[Start of Attachment]
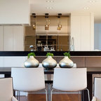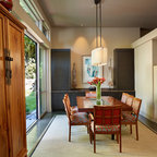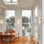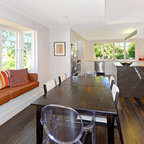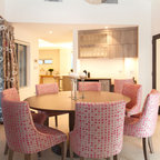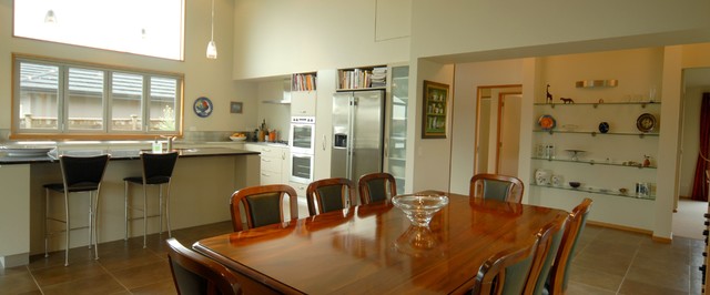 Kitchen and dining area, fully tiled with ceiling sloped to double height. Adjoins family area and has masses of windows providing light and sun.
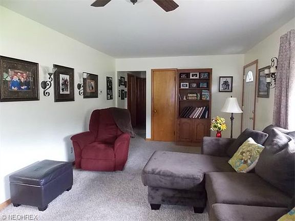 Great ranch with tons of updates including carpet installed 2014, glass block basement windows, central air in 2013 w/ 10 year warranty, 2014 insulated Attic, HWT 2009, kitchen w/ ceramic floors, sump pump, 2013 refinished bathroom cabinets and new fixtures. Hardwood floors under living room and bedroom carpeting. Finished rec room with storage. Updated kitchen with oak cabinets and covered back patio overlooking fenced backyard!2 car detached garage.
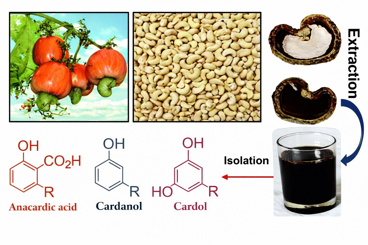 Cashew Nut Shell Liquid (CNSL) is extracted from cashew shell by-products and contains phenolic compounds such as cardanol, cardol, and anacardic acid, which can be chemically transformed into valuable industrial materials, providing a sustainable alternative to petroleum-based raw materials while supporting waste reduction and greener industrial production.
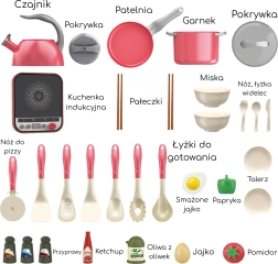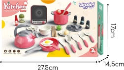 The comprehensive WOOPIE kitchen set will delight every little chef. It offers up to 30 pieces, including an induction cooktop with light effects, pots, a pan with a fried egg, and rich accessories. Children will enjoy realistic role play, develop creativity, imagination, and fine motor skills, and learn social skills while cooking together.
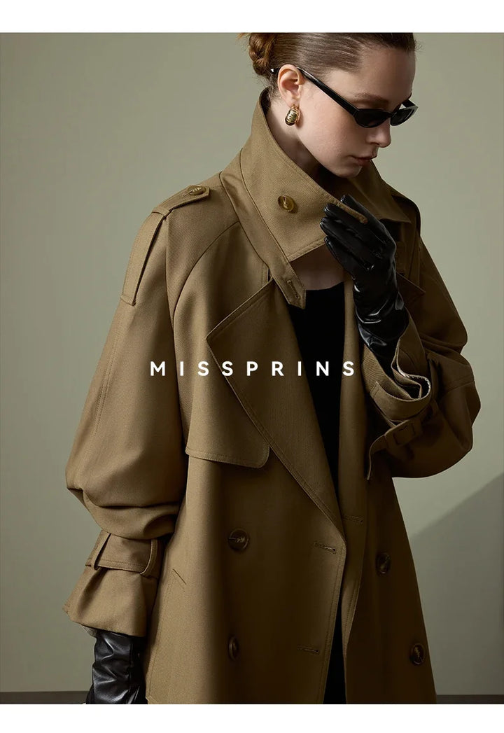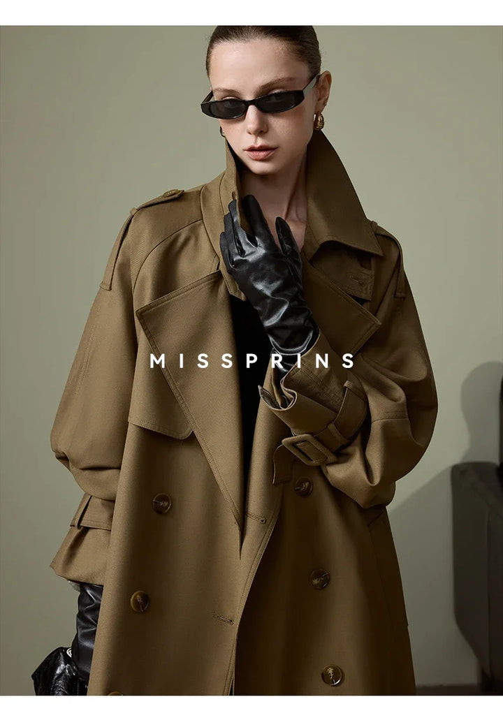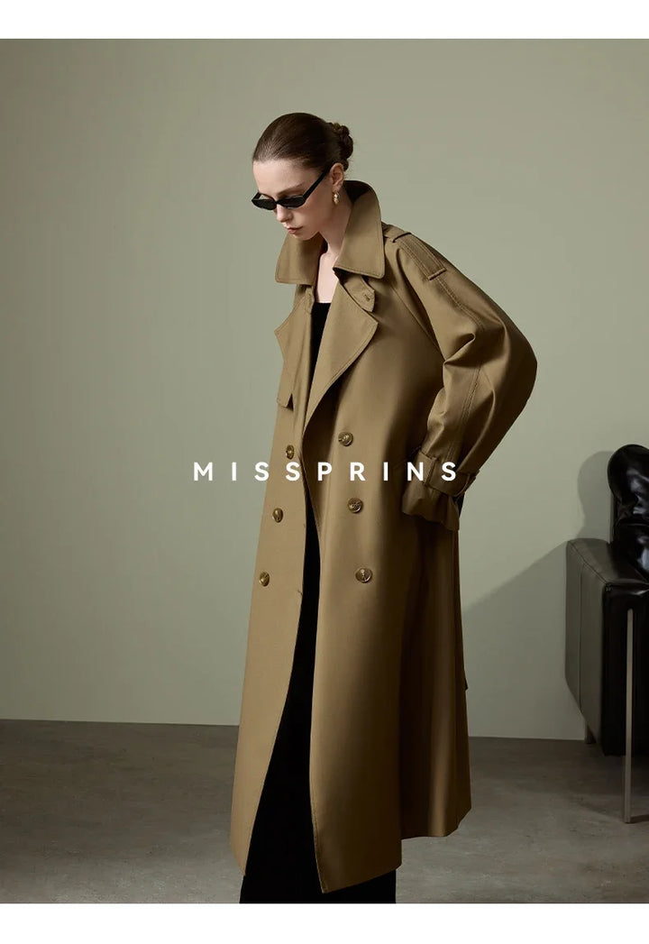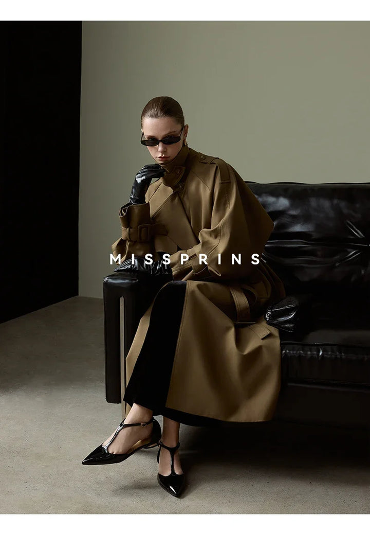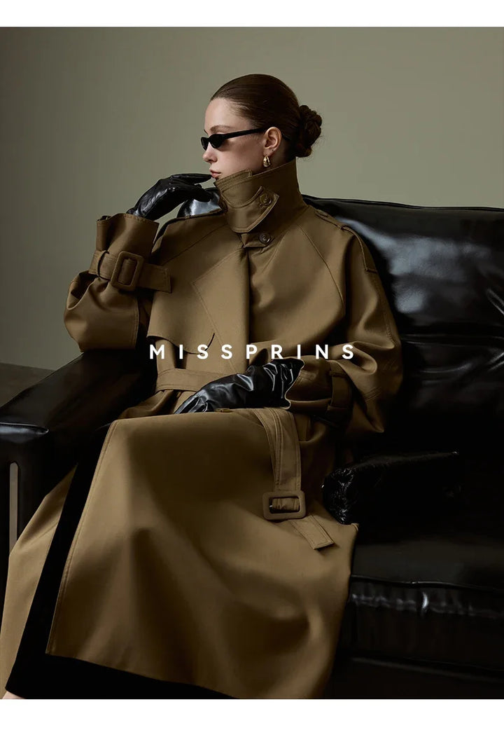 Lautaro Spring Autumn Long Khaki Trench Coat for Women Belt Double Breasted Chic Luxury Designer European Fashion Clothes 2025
[End of Attachment]
[Start of Attachment]
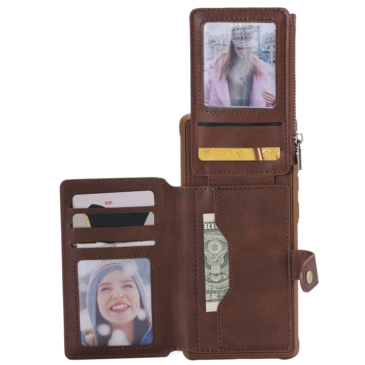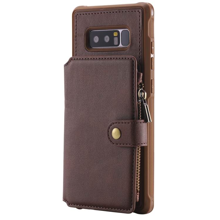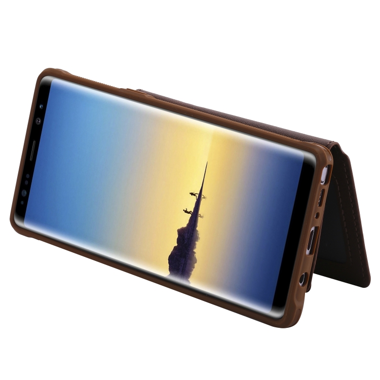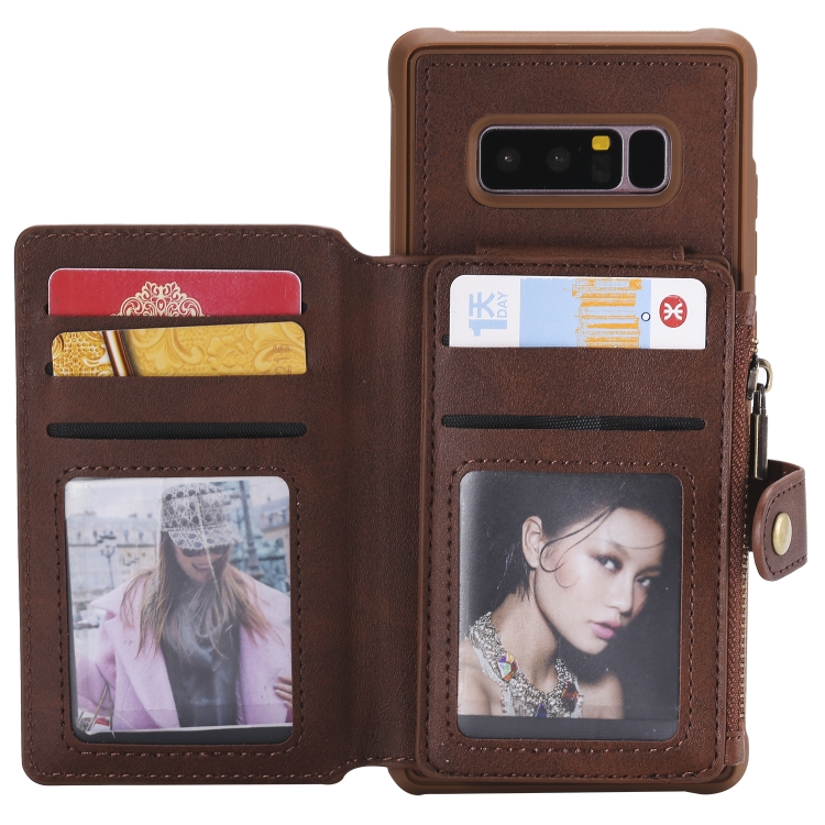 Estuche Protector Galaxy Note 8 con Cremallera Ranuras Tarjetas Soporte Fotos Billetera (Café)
[End of Attachment]
* _THE PROBLEM_
Nothing except the lines from the one containing "Kitchen and dining" through the one containing "Great ranch with" should appear in the answer, exactly as above and without pictures.

* _SOLUTION FOR THIS EXERCISE_
 Kitchen and dining area, fully tiled with ceiling sloped to double height. Adjoins family area and has masses of windows providing light and sun.
 Great ranch with tons of updates including carpet installed 2014, glass block basement windows, central air in 2013 w/ 10 year warranty, 2014 insulated Attic, HWT 2009, kitchen w/ ceramic floors, sump pump, 2013 refinished bathroom cabinets and new fixtures. Hardwood floors under living room and bedroom carpeting. Finished rec room with storage. Updated kitchen with oak cabinets and covered back patio overlooking fenced backyard!2 car detached garage.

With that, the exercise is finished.